The Journey to Zero
Read our special report on MRSA strategyWriting in USA Today this week, Peter Eisler explains how one hospital realized that its town was in the midst of a community-based outbreak of methicillin-resistant Staphylococcus aureus (MRSA)—and how they worked to contain the deadly bacteria.
An outbreak in Kentucky
Over the course of a few days, Saint Joseph-London Hospital in London, Ky., admitted three patients who tested positive for MRSA, but none had been in contact with hospitals, physicians, or each other. Two of the patients quickly died, while the third survived after spending three weeks in a coma.
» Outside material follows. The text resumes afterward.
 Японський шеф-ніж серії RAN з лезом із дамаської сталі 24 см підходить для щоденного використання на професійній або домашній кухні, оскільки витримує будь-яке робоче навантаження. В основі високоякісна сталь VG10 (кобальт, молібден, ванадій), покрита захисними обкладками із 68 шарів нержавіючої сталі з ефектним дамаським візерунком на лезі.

"What really bothered me was the rapidity of their deterioration, a matter of hours," says Muhammad Iqbal, a pulmonologist who chairs the hospital's infection control committee, adding that the physicians "were worried that something was spreading across the community."
NEJM: How hospitals can win the fight against MRSA
The hospital ordered that any new patient with respiratory symptoms be isolated and tested for MRSA. They notified the state Health Department, which alerted other hospitals in the region to watch for symptoms and report cases; a few cases of now-deceased patients were identified with the same strain of MRSA, but all the cases were isolated.
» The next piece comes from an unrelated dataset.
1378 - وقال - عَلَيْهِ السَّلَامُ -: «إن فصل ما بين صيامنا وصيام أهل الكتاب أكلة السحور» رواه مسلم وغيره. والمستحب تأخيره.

There is still no known link between the victims, except that all reported catching a case of late-season flu. Epidemiologists posited that perhaps the MRSA was there all along and that the flu simply weakened the patients' immune systems enough for it to take over.
Expert: Communities are unprepared
MRSA was once confined mostly to hospitals, but community-based MRSA now causes more than 50% of all skin and soft tissue infections that end in hospitalization. Some community-borne strains carry a toxin linked to a lung-ravaging "necrotizing" pneumonia that may strike with the flu or another underlying illness. Overall, data suggest that MRSA infections outside the hospitals are responsible for upwards of 20,000 deaths per year.
According to a USA Today investigation, most community-based MRSA cases go uncounted because CDC can only track those that escalate to life-threatening infections.
Moreover, communities are unprepared for most outbreaks, often lacking a structure to prevent or reduce MRSA from spreading. CDC has issued guidelines encouraging strong personal hygiene and discouraging sharing personal items, but there is no way to know if the measures are adopted (Eisler, USA Today, 12/16).